Not every AI company is qualified to discuss recursive self-improvement. You first need to make the outside world believe your AI is already part of the AI R&D process to have the standing to say this might require global coordination.
OpenAI: How Could This Happen?
As mentioned earlier, just before Anthropic published this lengthy article, OpenAI had already put recursive self-improvement on the table.
But the two companies' narratives are quite different.
OpenAI's document, "Democratic Governance of Frontier AI," is a policy blueprint for Washington.
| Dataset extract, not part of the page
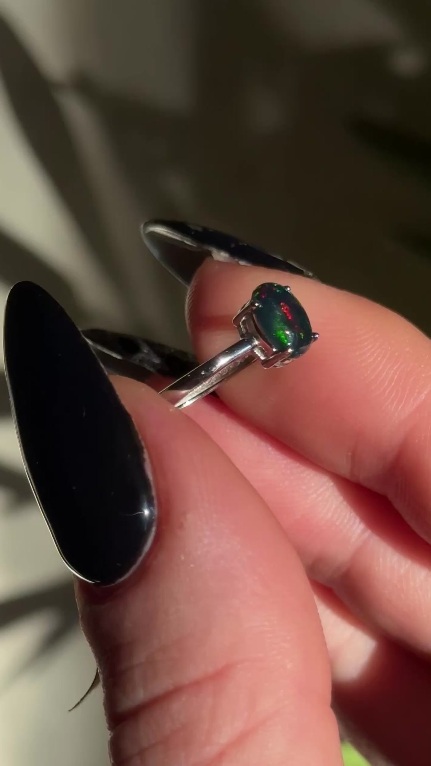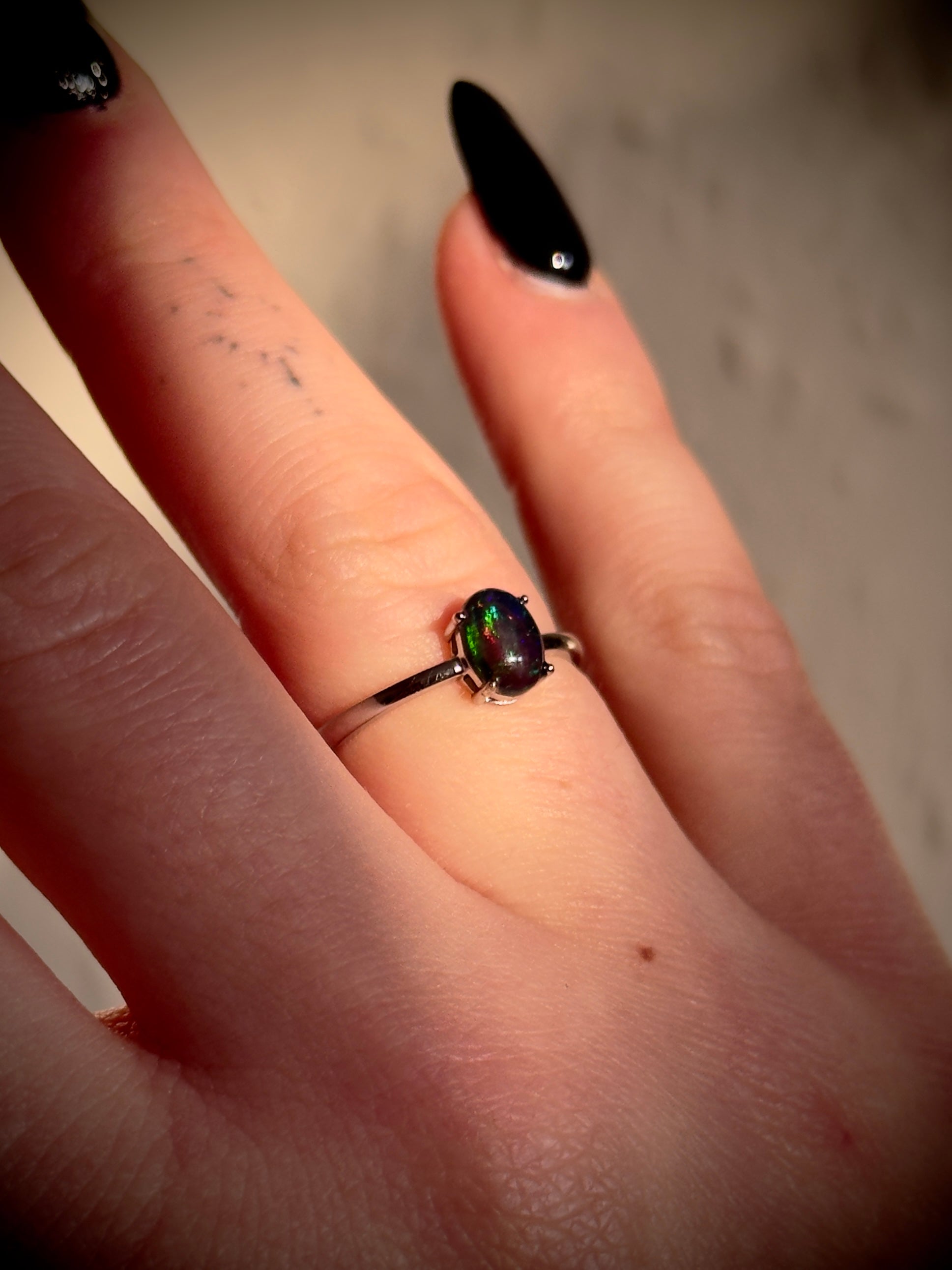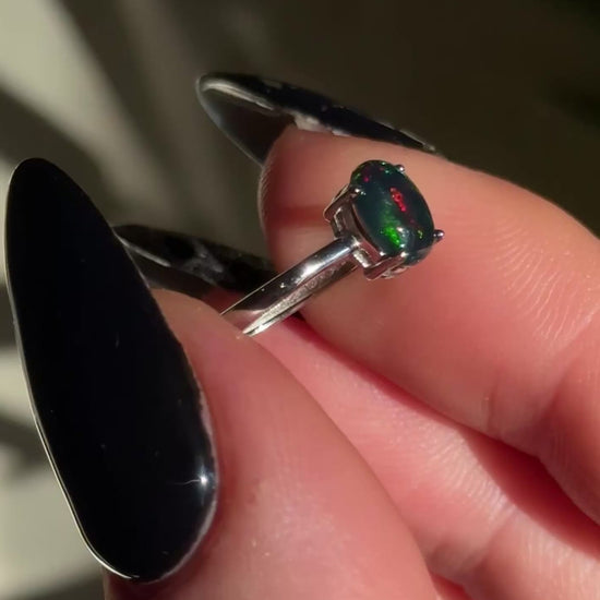 Black Opal adjustable ring in silver 925

It's concerned not with "how models get stronger," but with how to constrain frontier AI if it continues to surge ahead.
Most of the content in that report isn't suitable for detailed discussion here, but one key line stands out: OpenAI said that in today's systems, early signs of recursive self-improvement are already visible.
This line and Anthropic's lengthy article point in the same direction.
It's just that OpenAI talks about institutions, while Anthropic talks about itself.
OpenAI's point is: AI development is too fast; existing governance structures may not keep up, so a new set of rules is needed.
Anthropic directly showcases that system, telling the market: Claude is already in our R&D process, so we see the path to AI self-acceleration.
This move is quite clever. One imagines the grumbling inside OpenAI—this is practically idea theft! We were here first!
Just joking, but OpenAI really needs to step up its game and quickly bring GPT 5.6 to the table.